Filled with unique takes not only on football but life in general, seeing things from both sides of the fence. Alan Wearne has given us The Great Australian Rules Novel.
James 'Charlie' Manson

The footy novel.
Ron Barassi

Damien Chubb is the Philip Marlowe of the forward pocket.

Shane Maloney

ISBN 1876044209
Published 1997
177 pgs
$19.95
Cover illustration by Rob Dickins (http://members.optusnet.com.au/robkins)
Kicking in Danger book sample

Back to top


Contents

1   Hawthorn Boogie Rap CD Launch Day
2   Happy Hour at the Lord Tennyson
3   Preliminary Final Day
4   HDJFL Grand Final Day
5   Brownlow Medal Day
6   Bloodbath Anniversary Day
7   Magpie Moomba Magic Days
8   Parade Day
9   Grand Final Eve
10 Grand Final Day

Back to top


Reviews

A Welcome Addition
Alan Wearne: Kicking in Danger
Robert Pascoe (academic)
Overland, No. 150, Autumn 1998

Colleagues, including the editor of the illustrious Overland, are wont to complain that reading The Winter Game, my social history of Australian football, is rather like being stuck in one of those endless pub conversations which goes on and on, without any pause which might allow an interruption, another voice offering a verbal route out of the all-enveloping, ceaseless and neverending, never-tiring discourse on the Great Australian Game which for most months of the year threatens to engulf and suffocate everyone living in Melbourne: this novel would have the same effect on the ‘unbelievers’, those, like the journalist writing in the American magazine Fortune who is quoted as saying recently that Melbourne would have featured much higher on his list of desirable cities in which to live were it not for the endless talk of football (and which school you had attended when growing up), but for those of us who do believe, and are passionate, and never stop yarning and spinning tales of footballers, and their alleged deeds, and misdeeds, this novel is a welcome addition to the not-very-long shelf of fictional works which take that endless conversation from the pubs and hairdressing salons to the printed page...

Back to top


Crime Fiction
Out Of Bounds
Kicking In Danger
J.R. Carroll
Australian Book Review, No. 197, December 1997/January 1998

A kidnapping forms the centrepiece of Alan Wearne’s Kicking in Danger, an Australian Rules mystery bearing the imprimatur of such diverse luminaries as Ron Barassi and Peter Craven. The only other football mystery I know about is Death in the Back Pocket, which failed to kick a goal, but thankfully Wcarne’s tilt is much more successful. He is better known for his epic verse novel The Nightmarkets, but with this book he has shown his true colours, which are red and black. A true Bomberholic, he boasts an impressive store of club lore and trivia. In fact, sometimes the book seems to be merely an excuse for him to flaunt his knowledge and obvious love, of the game.

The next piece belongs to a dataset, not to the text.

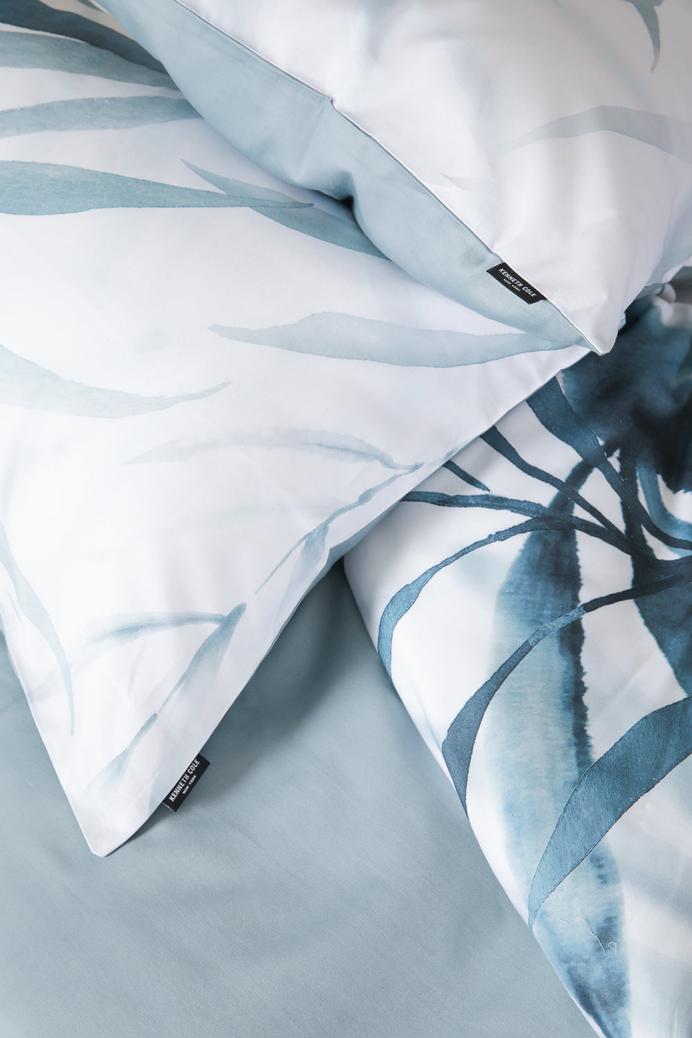 סט מצעים זוגי 160/200 ס"מ כותנה סאטן דגם Blue Leaves מבית המותג KENNETH COLE.

The protagonist in Kicking in Danger is super-sleuth to the sporting world, Damien Chubb, who was a ruckman for Essendon in the sixties and seventies, before the advent of Simon Madden, but the thing he is remembered most for is tangling - unwisely - with Big Nick in the ’68 Grand Final. I was there, but must have missed it. Now, however, Collingwood superstar Johnny Moomba is missing, and with the Grand Final a week away Chubb has to find him fast. Moomba is so good he makes Gary Ablett look like a bush hack: mega-goalkicker, hot favourite for the Brownlow and high-profile Aboriginal activist - and he plays for Collingwood, which is a nice ironic touch.

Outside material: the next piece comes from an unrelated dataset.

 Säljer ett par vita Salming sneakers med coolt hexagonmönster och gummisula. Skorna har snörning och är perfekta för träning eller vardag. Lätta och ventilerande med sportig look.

While Melbourne prepares itself for that last frenetic Saturday in September, Chubb uses all his old football contacts to track down his man. The question, of course, is not if he will find him in time, but does Moomba want to be found? Is his disappearance a stunt, or perhaps a political statement? Wearne makes full use of this idea as Chubb weaves a passage through the pack, unearthing a whole host of wonderfully eccentric types, some of whom even non-football followers may recognise: J.J. Hobson, head-kicking president of Carlton, and a beer baron; Danny Gallagher, a Harley-riding rap singer and media star with blond tips who used to wear number 23 for Hawthorn - and so on. All that’s missing is Eddie McGuire. It’s a lot of fun, a hoot in fact, and the finale, involving the occupation of the MCG on Grand Final Eve, is way over the top. My only complaint about Kicking in Danger is that Wearne has not been well-served by his publisher in the editorial department - the book is absolutely full of mistakes.

Back to top


Kicking in Danger
Tim Thorne
Famous Reporter, No. 16, December 1997

Black Pepper has rapidly emerged as perhaps Australia’s most vigorous small press publisher of poetry, presenting, to deserved acclaim, the work of poets such as Louis de Paor and Emma Lew, but what has been less remarked upon has been its growing fiction list.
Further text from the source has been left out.